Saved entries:
BEGIN
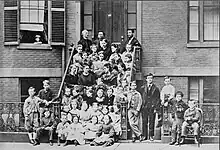 Unsure of his future, he contemplated returning to London to complete his studies, but decided to return to Boston as a teacher.[61] His father helped him set up his private practice by contacting Gardiner Greene Hubbard, the president of the Clarke School for the Deaf for a recommendation. Teaching his father's system, in October 1872, Alexander Bell opened his "School of Vocal Physiology and Mechanics of Speech" in Boston, which attracted a large number of deaf pupils, with his first class numbering 30 students.[62][63] While he was working as a private tutor, one of his pupils was Helen Keller, who came to him as a young child unable to see, hear, or speak. She was later to say that Bell dedicated his life to the penetration of that "inhuman silence which separates and estranges".[64] In 1893, Keller performed the sod-breaking ceremony for the construction of Bell's new Volta Bureau, dedicated to "the increase and diffusion of knowledge relating to the deaf".[65][66]
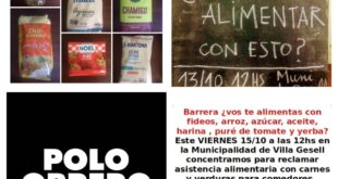 Mediante la pregunta: Barrera, vos te alimentas con esto? los integrantes del Polo Obrero y candidatos del Frente de Izquierda Trabajadores Unidad, simbolizan los reclamos que vienen realizando en distintas oportunidades y el próximo viernes 15 de octubre a las 12 horas reforzarán en la puerta de la municipalidad de Villa Gesell mediante una manifestación. Asistencia alimentaria completa en comedores …
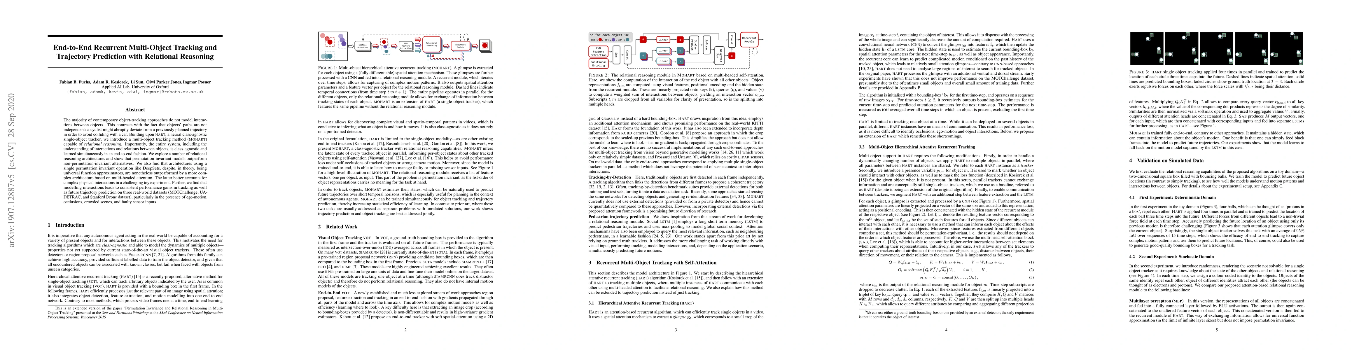 This paper introduces MOHART, an end-to-end neural network for multi-object tracking and trajectory prediction that incorporates relational reasoning to model interactions between objects. It demonstrates consistent performance gains across various challenging scenarios by using permutation-invariant architectures, with multi-headed attention outperforming simpler methods.
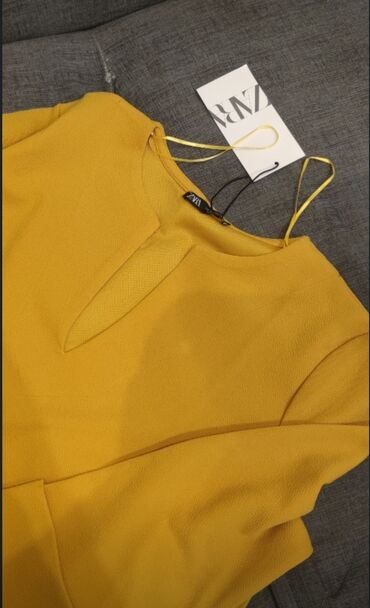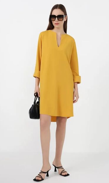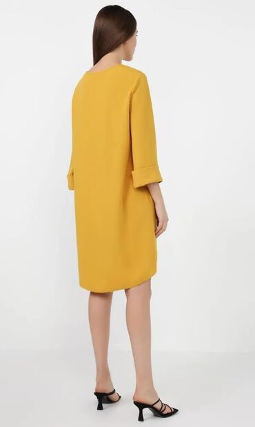 ZARA qadın paltarı – sarı/mustard rəngdə, rahat “shift” kəsim.
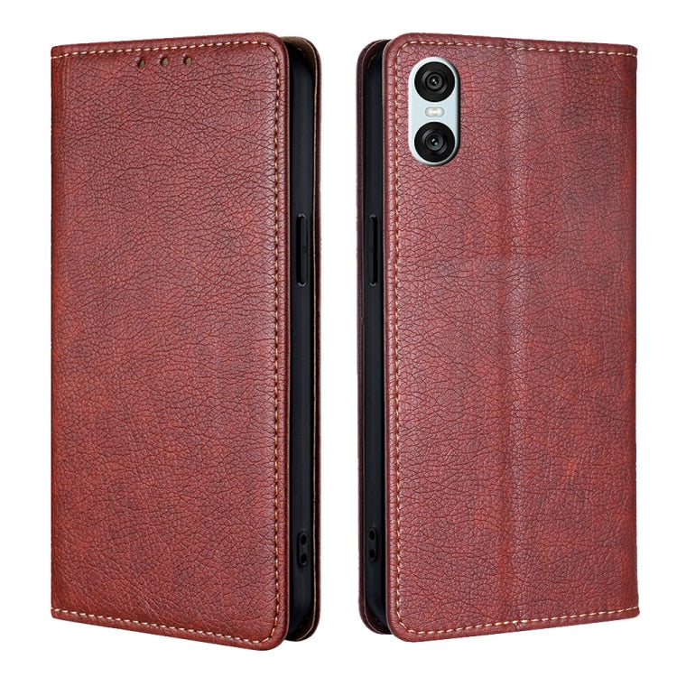 Funda de Cuero Magnética Sony Xperia 10 Vi con Acabado Brillante (Marrón)
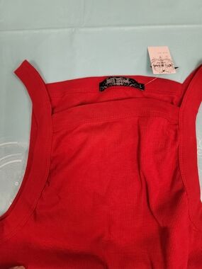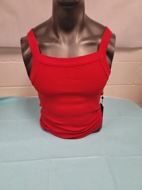 5 rib tank tops new with tag you have 1 grey size large and 4 red. 3xlarge 1 xlarge red Classic ribbed tank in vibrant red. Square neckline and wide straps for comfortable support. Slim, body-skimming, fit that layers easily. Versatile for casual and warm-weather looks. the names of the tank tops are ols skool,encrypted, and revolution all new...
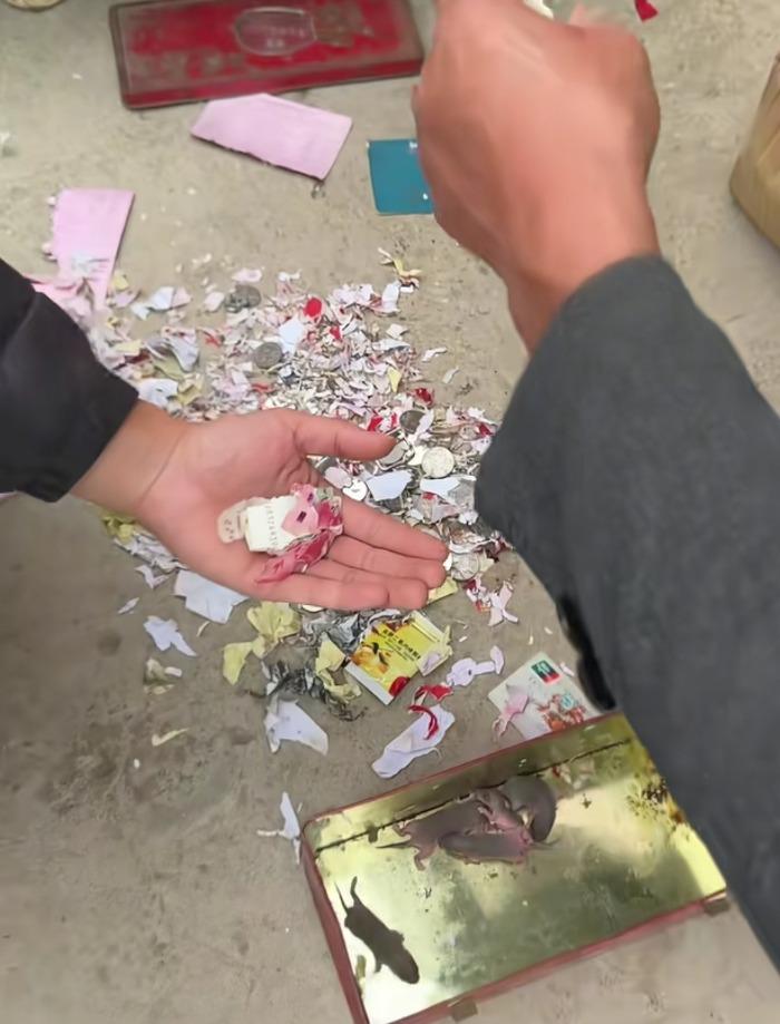 视频画面显示,存放这些财物的为一个红色铁盒,盒中有多只小老鼠,地上还有一堆存折和现金的碎片。视频发布后,引发热议,有人好奇为何铁盒中能钻进老鼠,还有人想知道这些现金碎片能否去银行兑换。
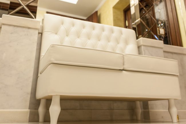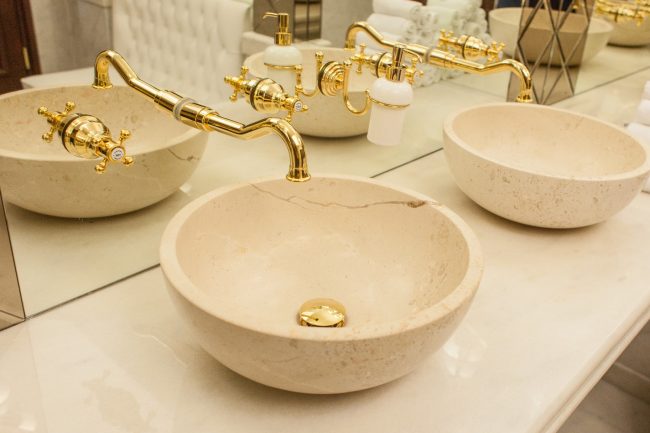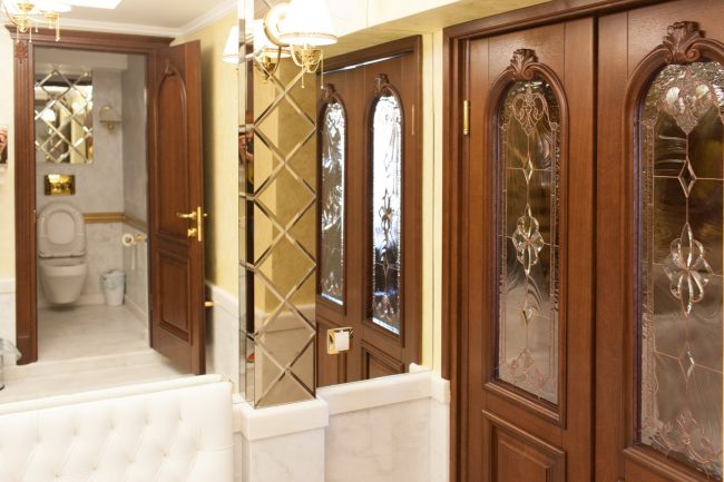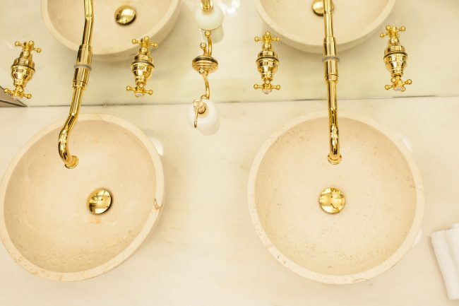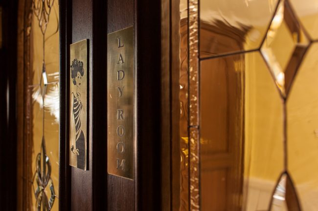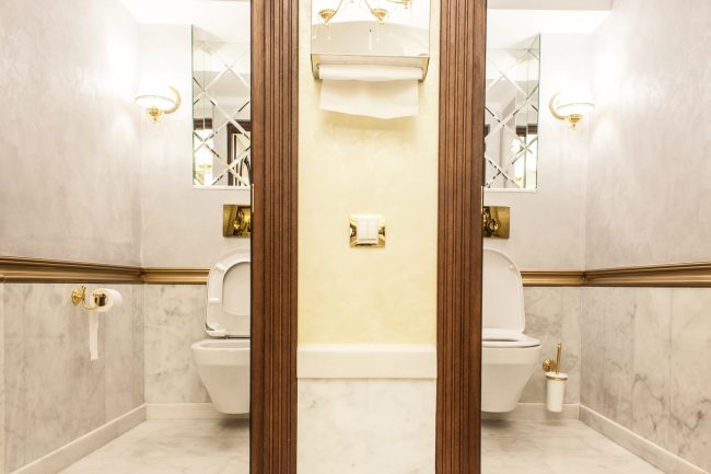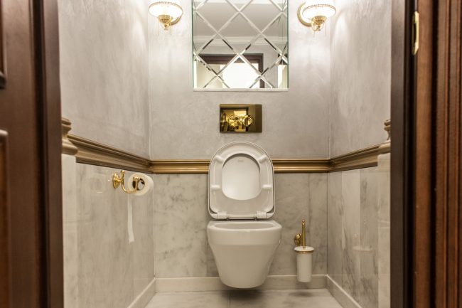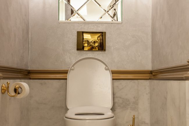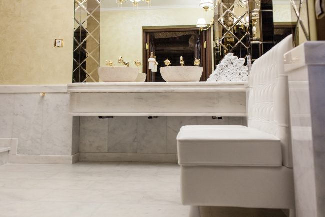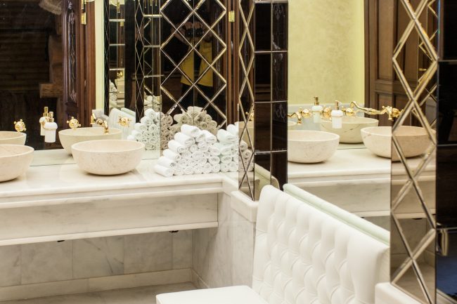 Турбота про затишний, комфортний відпочинок проявляється в розкішному оформленні туалетів: дорогих дзеркалах, викладених фацетованими ромбами, золочених вінтажних кранах, облицюванні мармуровою плитою.
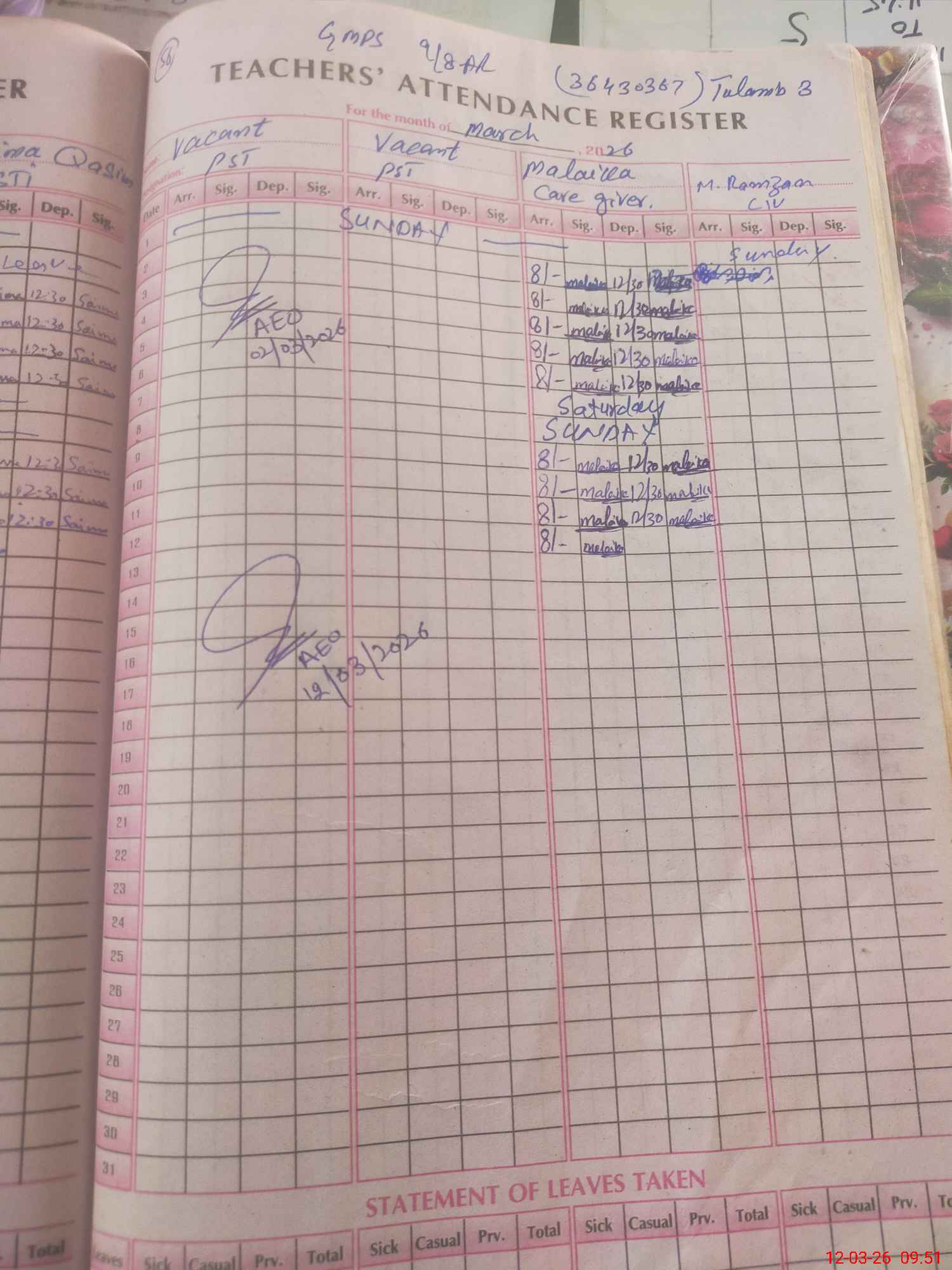 | Name: KH**** DU**** Designation: (School Headmaster's/Headmistress's) PST/PTC/JV Phone/Cell Number: 03**** |
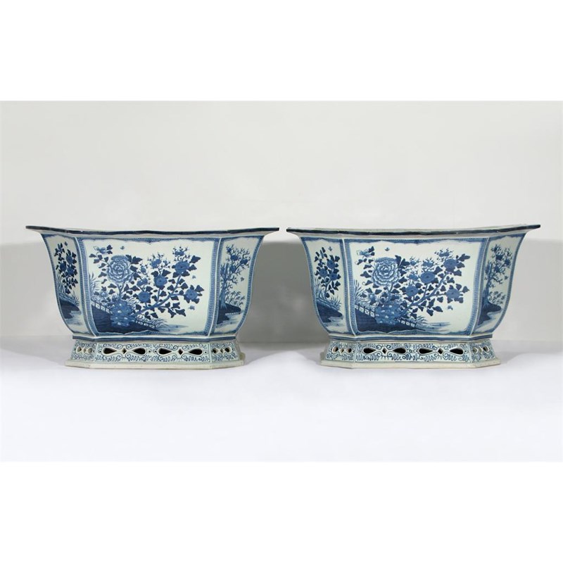 A large pair of Chinese blue and white rectangular jardinières
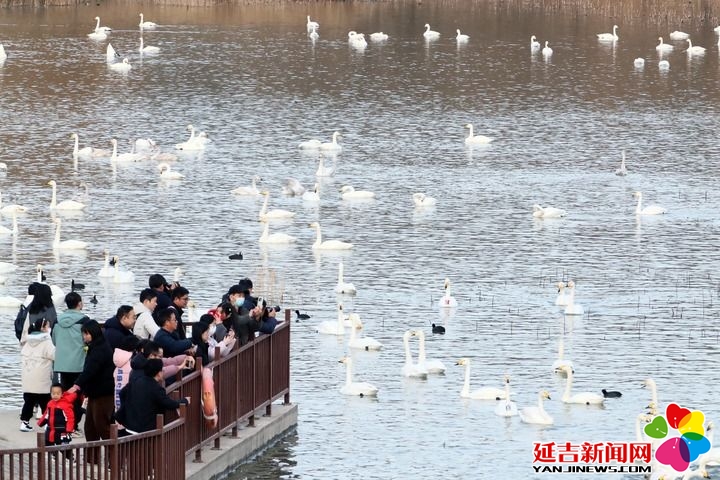 2025年12月20日,游人在河南省三门峡市天鹅湖国家城市湿地公园观赏天鹅。新华社发(牛书培 摄)
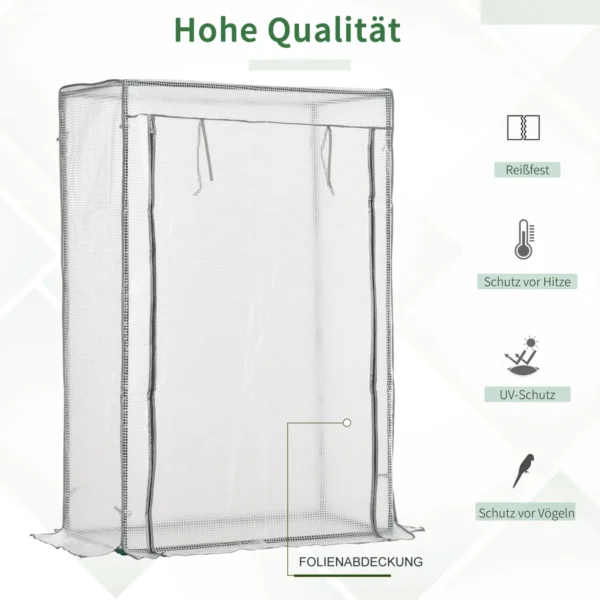 Šis aukštas ir siauras Outsunny šiltnamis yra puikus pasirinkimas jūsų sodui, balkonui ar ankštoms erdvėms auginti augalus taupant vietą. Tvirtas plieninis rėmas ir patvarus plastikinis pomidorų namelio dangtis užtikrina tvirtumą ir patikimumą. Šis šiltnamis gali padėti jūsų augalams geriau augti, o sodininkystė taps lengvesnė ir įdomesnė.
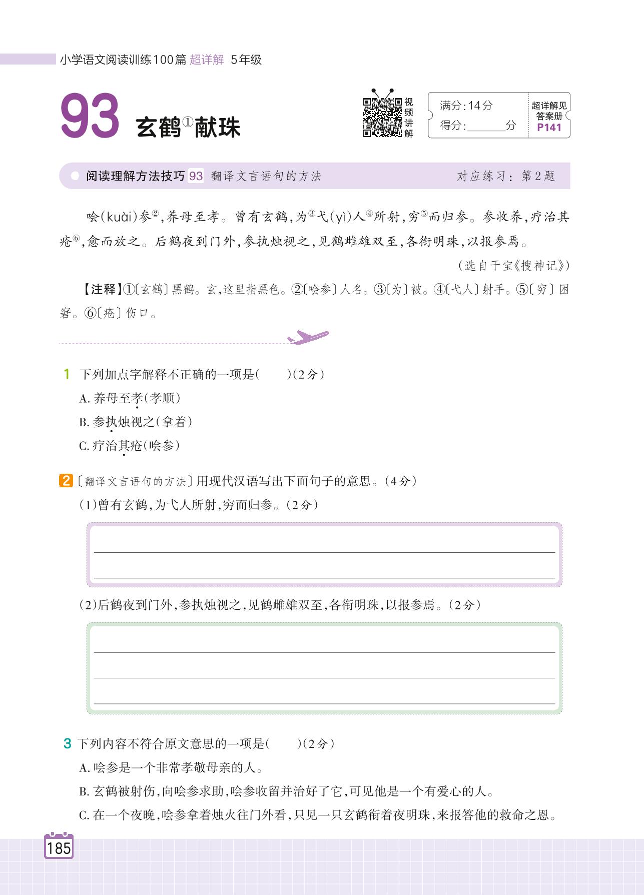 2024全一册五年级语文人教版 专题九 古诗文 93 玄鹤献珠
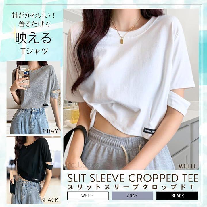 ねじり袖風のディティールが、シンプルなTシャツに華やかさをプラス。
END
Work request: Would you copy the lines above exactly, starting with the one that has "Funda de Cuero" and ending with the one that has "视频画面显示,存放这些财物的", both included, without the pictures?

Your response:
 Funda de Cuero Magnética Sony Xperia 10 Vi con Acabado Brillante (Marrón)
 5 rib tank tops new with tag you have 1 grey size large and 4 red. 3xlarge 1 xlarge red Classic ribbed tank in vibrant red. Square neckline and wide straps for comfortable support. Slim, body-skimming, fit that layers easily. Versatile for casual and warm-weather looks. the names of the tank tops are ols skool,encrypted, and revolution all new...
 视频画面显示,存放这些财物的为一个红色铁盒,盒中有多只小老鼠,地上还有一堆存折和现金的碎片。视频发布后,引发热议,有人好奇为何铁盒中能钻进老鼠,还有人想知道这些现金碎片能否去银行兑换。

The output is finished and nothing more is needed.